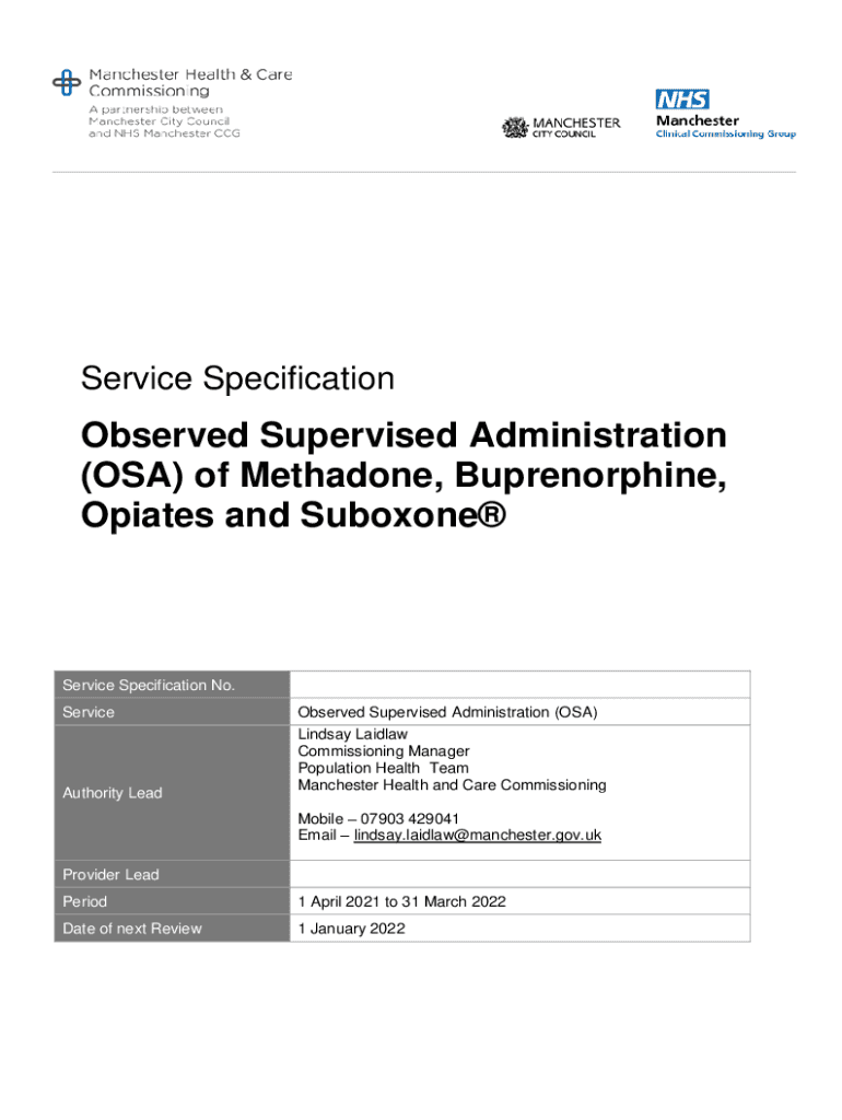 Service SpecificationObserved Supervised Administration (OSA) of, Opiates and SuboxoneService Specification No. ServiceAuthority LeadObserved Supervised Administration (OSA) Lindsay Laid law Commissioning
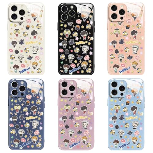 REAIUNTET ハイキュー スマホケース 17用ケース 強化ガラス 鏡面ガラス 耐摩耗 西谷夕 影山飛雄 日向翔陽 孤爪研磨 青葉城西 及川徹 脱着簡単 全身保護 潮流 軽量 萌えグッズ 誕生日 プレゼント クリスマス ハロウィン 新年 贈り物 17用多機種対応 (iphone11用,A)
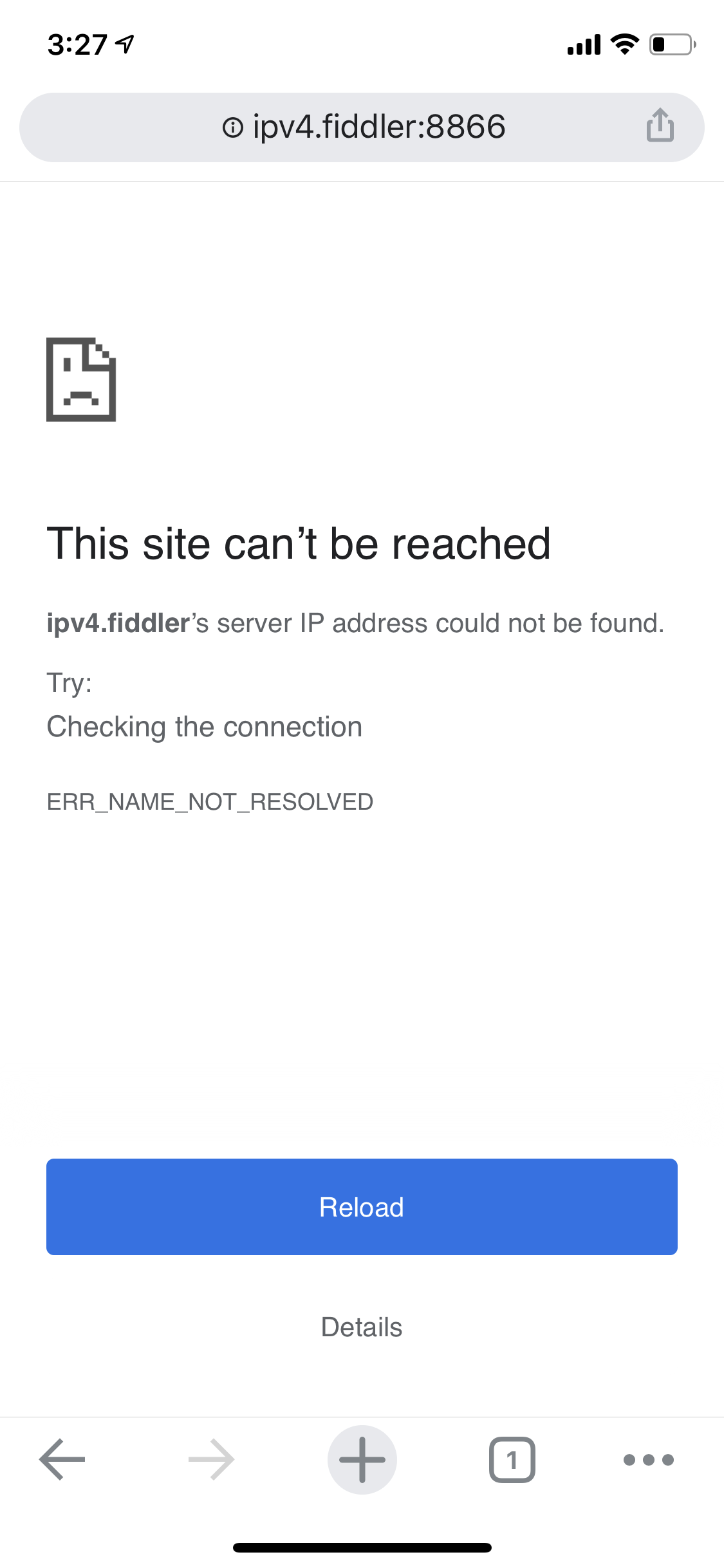 Basically once I configure the wifi proxy in my iPhone I'm no longer able to navigate and so I'm not able to reach http://ipv4.fiddler:8888 to download the certificate.
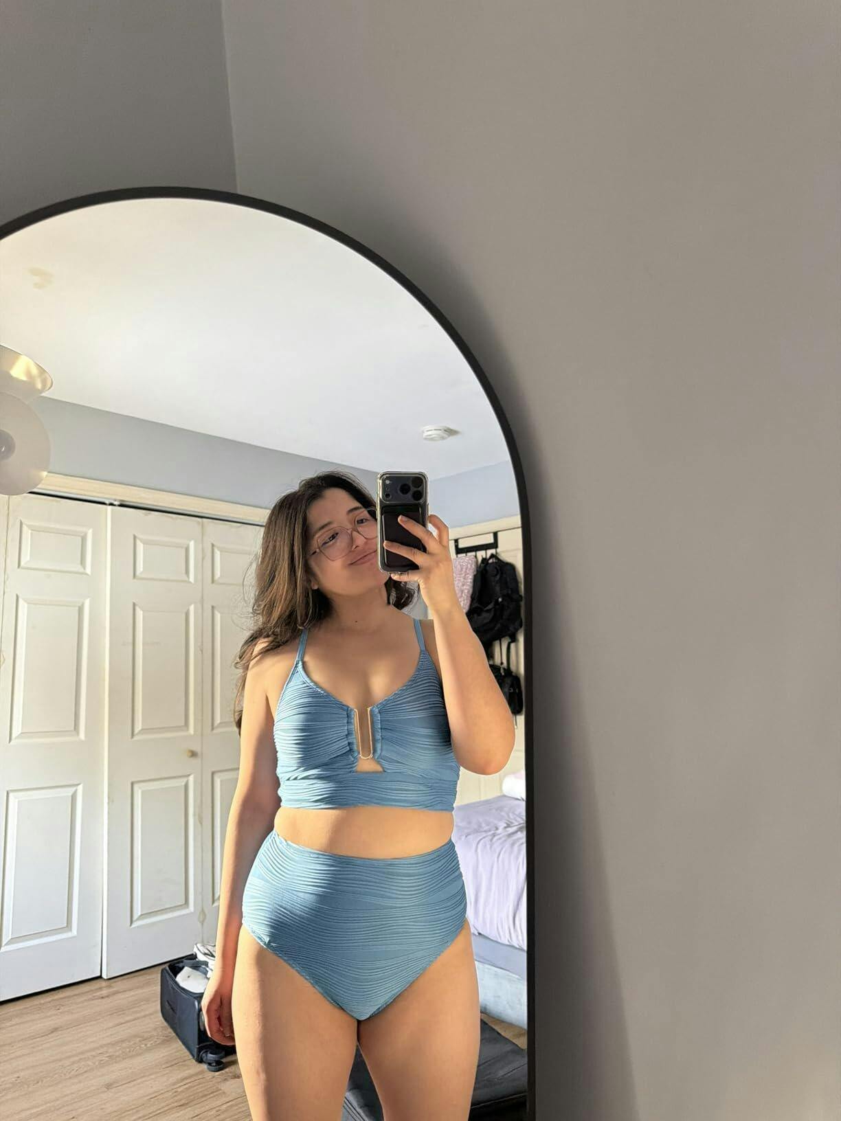 What a STEAL!!!! For my butter yellow girlies, this is a must. I bought a size medium and it fit me very nicely without being too tight. I like a higher waisted bikini bottom and it sat perfectly where I would expect it to. The pattern design is so cute. And the gold accent piece is a nice touch. I didn’t know that the bra straps cross in the back, but it wasn’t uncomfortable at all. The bra has quality padding. I wore this all day to the beach and it was comfortable all day long!!

########

Pictures aside, reproduce all of the material above without alteration.

■ WRITTEN RESPONSE ■
 Service SpecificationObserved Supervised Administration (OSA) of, Opiates and SuboxoneService Specification No. ServiceAuthority LeadObserved Supervised Administration (OSA) Lindsay Laid law Commissioning
 REAIUNTET ハイキュー スマホケース 17用ケース 強化ガラス 鏡面ガラス 耐摩耗 西谷夕 影山飛雄 日向翔陽 孤爪研磨 青葉城西 及川徹 脱着簡単 全身保護 潮流 軽量 萌えグッズ 誕生日 プレゼント クリスマス ハロウィン 新年 贈り物 17用多機種対応 (iphone11用,A)
 Basically once I configure the wifi proxy in my iPhone I'm no longer able to navigate and so I'm not able to reach http://ipv4.fiddler:8888 to download the certificate.
 What a STEAL!!!! For my butter yellow girlies, this is a must. I bought a size medium and it fit me very nicely without being too tight. I like a higher waisted bikini bottom and it sat perfectly where I would expect it to. The pattern design is so cute. And the gold accent piece is a nice touch. I didn’t know that the bra straps cross in the back, but it wasn’t uncomfortable at all. The bra has quality padding. I wore this all day to the beach and it was comfortable all day long!!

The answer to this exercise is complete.